Can anyone help me by posting a link or a post containing the file to use to install this plug in, im in limbo here and i just cant quite catch on to how Great Cut Software works with the AAS.

Thanks!


----------



## FatKat Printz (Dec 26, 2008)

You want the Corel plug in for Great Cut? have you joined the GCC Club? There are downloads there..also synergy17.com has manuals and downloads readily available on their website for GCC products. 

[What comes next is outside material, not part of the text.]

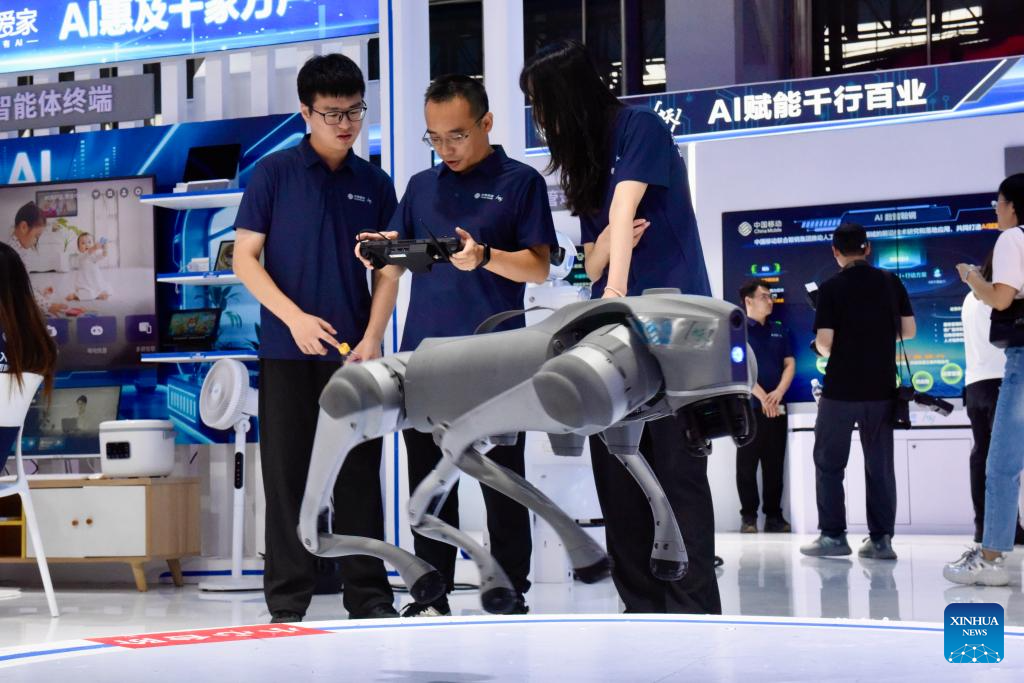SHENYANG, 7 septiembre, 2025 (Xinhua) -- Empleados de China Mobile ajustan un perro robótico en el área de exposiciones de la Conferencia Global de Internet Industrial 2025, en Shenyang, en la provincia de Liaoning, en el noreste de China, el 7 de septiembre de 2025. Con el lema "Nuevo Capítulo Digital, Nueva Calidad Inteligente", la Conferencia Global de Internet Industrial 2025 comenzó aquí el sábado y durará hasta el 8 de septiembre. (Xinhua/Wang Yuyan)

Basically, the plug in will become a small icon on your toolbar and you design in Corel click on the icon and Great Cut will automatically appear with your artwork from Corel.


----------



## Nick Horvath (Feb 26, 2010)

dsburfitt said:


> Can anyone help me by posting a link or a post containing the file to use to install this plug in, im in limbo here and i just cant quite catch on to how Great Cut Software works with the AAS.
> 
> Thanks!


It should install right off the CD. 

AAS Corel Draw Installer for either 32 or 64 bit located under the GCC Expert 24LX option on the main menu.


----------



## dsburfitt (Jun 17, 2011)

Nick Horvath said:


> It should install right off the CD.
> 
> AAS Corel Draw Installer for either 32 or 64 bit located under the GCC Expert 24LX option on the main menu.

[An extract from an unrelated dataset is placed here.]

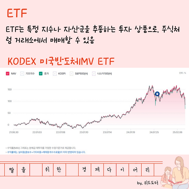 ETF는 특정 지수나 자산군을 추종하는 투자 상품으로, 주식처럼 거래소에서 매매할 수 있어요.

I wish I had received the CD, I bought the Cutter used and it came with a power cord thats all haha.

I doubt id find the CD in torrents... ahh frustrating


----------



## FatKat Printz (Dec 26, 2008)

dsburfitt said:


> I wish I had received the CD, I bought the Cutter used and it came with a power cord thats all haha.
> 
> I doubt id find the CD in torrents... ahh frustrating


Did you go to both websites?


----------



## dsburfitt (Jun 17, 2011)

FatKat Printz said:


> Did you go to both websites?


I checked out the Synergy one previously, thats where i had obtained the drivers for the cutter, but i didnt see any indication of the Optical sensor plugin. 

The Club GCC seemed like a site for a hotel, ill have to google a bit further in to it.


----------



## FatKat Printz (Dec 26, 2008)

Its on the GCC website, it has drivers and plug ins. You can register your cutter. 

Are you able to cut at all? 

Did you download the manual off of synergy's website?

http://gccf.gcc.com.tw/gccclub/login.aspx


----------



## FatKat Printz (Dec 26, 2008)

dsburfitt said:


> I checked out the Synergy one previously, thats where i had obtained the drivers for the cutter, but i didnt see any indication of the Optical sensor plugin.
> 
> The Club GCC seemed like a site for a hotel, ill have to google a bit further in to it.


[media]http://www.synergy17.com/downloads/GCC/manuals/Expert24LXusermanual.pdf[/media]

Read section A3 regarding the AAS.


----------



## Nick Horvath (Feb 26, 2010)

32bit driver – www.gccamerica.com/oneclick32bit.exe
64bit driver – www.gccamerica.com/oneclick64bit.exe

Here are the drivers for 32 and 64 bit. Have you contacted GCC? Also if you register on the GCC World site, you can download a free trial of GreatCut.


----------